If you want to know whether there is translation of the specified string, you can create a class which always fail and add it as a fallback.

class NoTranslations(NullTranslations):
    def gettext(self, message):
        raise NoTranslationsError
    def ngettext(self, msgid1, msgid2, n):
        raise NoTranslationsError
    def pgettext(self, context, message):
        raise NoTranslationsError
    def npgettext(self, context, msgid1, msgid2, n):
        raise NoTranslationsError

Or you can make it storing input strings and returning default implementation.

jeanas · August 12, 2023, 6:27pm

Raising an exception is an interesting idea, but:

In the specific case of Sphinx, the message catalog objects are shared with with all extensions (Sphinx has a large ecosystem of extensions), so we can’t make them raise exceptions on untranslated messages.

barry · August 12, 2023, 9:53pm

You can reach in and set my_translation._fallback = None but of course that tampers with the non-public API. We could codify that by defining add_fallback(None) as the way to spell removal of the fallback.

AA-Turner · August 13, 2023, 12:52pm

Due to the design of chained fallbacks I think it isn’t entirely obvious here would be which fallback add_fallback(None) would remove (the last in the chain? the fallback of the translator that the method was called on?).

I intend to open an issue and PR to add __contains__ in the next few days unless there are objections, as I think that would be a useful improvement regardless of a potential improvement to the fallback management API.

A

jeanas · August 13, 2023, 1:09pm

I object. I wanted to open the PR myself as an easy first contribution

barry · August 13, 2023, 6:38pm

There are ways to handle that. You can already add_fallback(None) but I think it essentially has no effect. It will chase the fallbacks to the last in the chain, which already has no fallback, and set it to None. Not very useful behavior.
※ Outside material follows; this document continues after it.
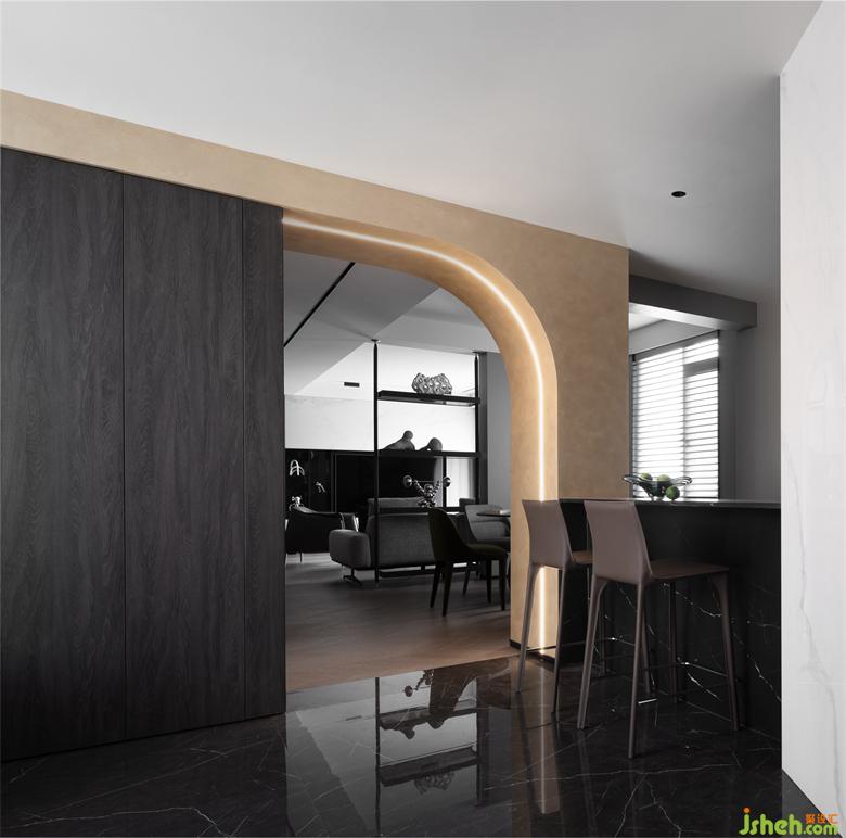 独特的异形结构总是能带给空间创造无数的惊喜,推开门的那一刻,映入眼帘的就是一幅与众不同的画面。宽敞的入户,鑫嘉园家居设计一面是造型独特具有隔断功能的玄关墙,一面是简单干净的矮柜收纳,不同材质的对比与功能搭配,营造出空间的高级感。

Changing that is technical a backward incompatible change, but since the above semantics are pretty useless, I don’t know whether they need to be preserved. But if so then just add a remove_fallback() method to break the top most fallback link.

barry · August 13, 2023, 6:39pm

Just tag me in the PR either way

storchaka · August 13, 2023, 9:21pm

You can make it conditional.

    def gettext(self, message):
        if self.flag:
            raise NoTranslationsError
        return super().gettext(message)

You can make it just logging untranslated messages.

    def gettext(self, message):
        self.untranslated.add(message)
        return super().gettext(message)

orise · August 14, 2023, 8:54am

I can see the current semantics being useful if you want to add a fallback dynamically (or maybe based on configuration) with an option of adding no fallback at all.
Of course this can be done with a simple if, but there may be code that does this already and would break badly by the change.

jeanas · September 9, 2023, 7:53pm

Sorry for the delay (I was on vacation).

I’ve hit a stumbling block: should msgid in catalog return True if msgid is present in catalog but with a context? Or should we make that return False, and instead allow testing whether a message can be translated given a certain context with (msgctxt, msgid) in catalog?

jeanas · September 9, 2023, 7:55pm

Also, there is a bit of an issue with plurals since a message may have some of the forms translated and some not (but I guess that might be rare? I’ve never worked with message catalogs containing pluralized forms).